Actually, rewatching the ending of Iron Lung, I think I finally understand what happened.
The final shots we see of Simon show him being assimilated by the blood ocean. We hear Simon's screaming gradually distort into a roar, and there are fang-like teeth growing on the side of his face:
The blood is mutating him into another monstrous fish. This implies the voice speaking to Simon had once been human too, but had since become the monster we've seen throughout the film, having burst out of (not bitten into) the SM-8.

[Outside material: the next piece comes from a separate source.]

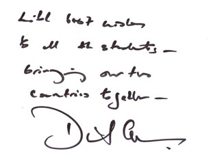 卡梅伦首相很喜欢我校同学赠送的这些“来自中国青年的具有爱心”的礼物,很高兴地为“全球青年领导力工作室”的青年们寄语:“把美好的祝福带给青年们,是你们使两国关系更加紧密!——英国首相卡梅伦”

The voice says, "We can save everyone, within us!!" which makes sense if we recall the line from earlier in the film about the blood ("It's us"). It's stated that the blood is human blood, and may even be what remains of the humans that were taken in the Quiet Rapture. As people (like the woman from the SM-8, and like Simon now) are sent down into the blood ocean, are irradiated, and mutate, they are absorbed into a sort of hive-mind connection with the blood itself. (It's sort of an antithesis to the repeated refrain of "It's bigger than us"...no, it literally is us.) Simon and the ship are already part of it--an iron lung, built by what is found in blood (perhaps distilled from it) and refilled with oxygen as if the blood is a body using it to breathe.
Then we follow Simon under the surface of the blood and see the following shots (I've taken down the saturation for clarity). The tree pendant cracks and shoots out tendrils:
Simon resurfaces, and his eye (below) flashes and changes color, becoming more like the giant eye we've seen throughout the film. His mutation seems to be progressing.
It cuts to black and the voice says, "We live." Then it cuts to an exterior shot of an explosion, ripping through the monster, and dark shapes start to shoot out from the center of where the ship had been.
Some people have interpreted this as the completion of Simon's transformation, but it isn't. This isn't a fish or even a tentacled sea creature. It's a tree. The trunk is the upper portion, and the roots are the tendrils spreading out towards the screen.
Simon's choice to hold onto hope allowed what was intended for evil to be used for good. The piece he carried of the Last Tree touched the blood, and, as if to fulfill what Eden had said ("our bodies will become the soil"), used it to grow, destroying the monsters as it did. The blood can nourish something now ("we live"), as it is meant to, even if (just as with the data) we don't get to see what it becomes.
Simon is gone, but the Last Tree lives again. And thanks to him, maybe humanity can too.